*Dataset excerpts:*
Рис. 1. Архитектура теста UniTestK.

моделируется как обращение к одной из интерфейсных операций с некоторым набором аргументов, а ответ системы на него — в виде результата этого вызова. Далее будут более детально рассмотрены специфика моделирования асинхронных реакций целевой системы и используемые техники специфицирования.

---

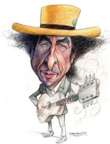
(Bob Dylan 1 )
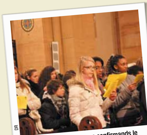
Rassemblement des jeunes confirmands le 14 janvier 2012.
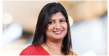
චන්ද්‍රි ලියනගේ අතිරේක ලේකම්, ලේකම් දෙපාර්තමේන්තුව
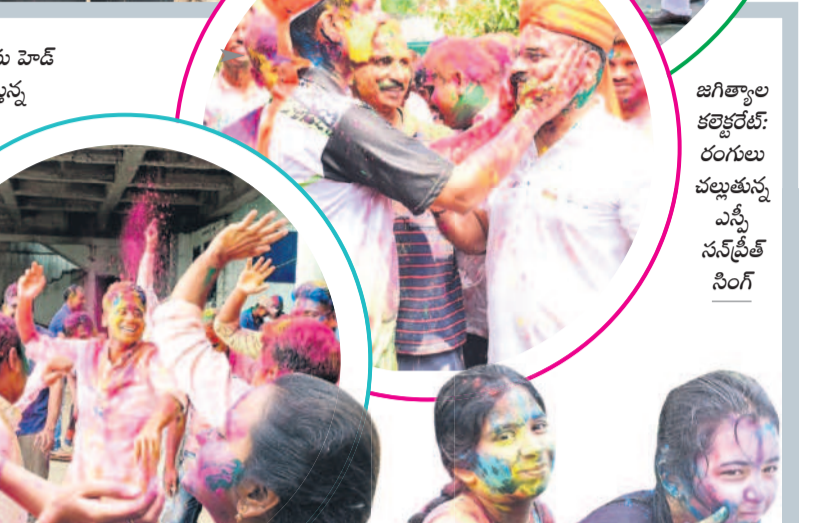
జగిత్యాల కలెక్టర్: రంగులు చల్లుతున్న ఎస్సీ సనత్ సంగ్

* * *

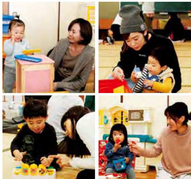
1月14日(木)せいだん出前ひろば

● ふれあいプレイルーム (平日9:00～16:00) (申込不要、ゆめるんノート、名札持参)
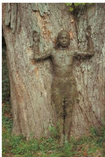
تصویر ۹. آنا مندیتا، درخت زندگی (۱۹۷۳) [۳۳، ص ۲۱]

*Directions:* Everything between and including the line above containing "චන්ද්‍රි ලියනගේ අතිරේක" and the line containing "జగిత్యాల కలెక్టర్: రంగులు" should be reproduced exactly, with pictures excluded.

*Solution:*
චන්ද්‍රි ලියනගේ අතිරේක ලේකම්, ලේකම් දෙපාර්තමේන්තුව
జగిత్యాల కలెక్టర్: రంగులు చల్లుతున్న ఎస్సీ సనత్ సంగ్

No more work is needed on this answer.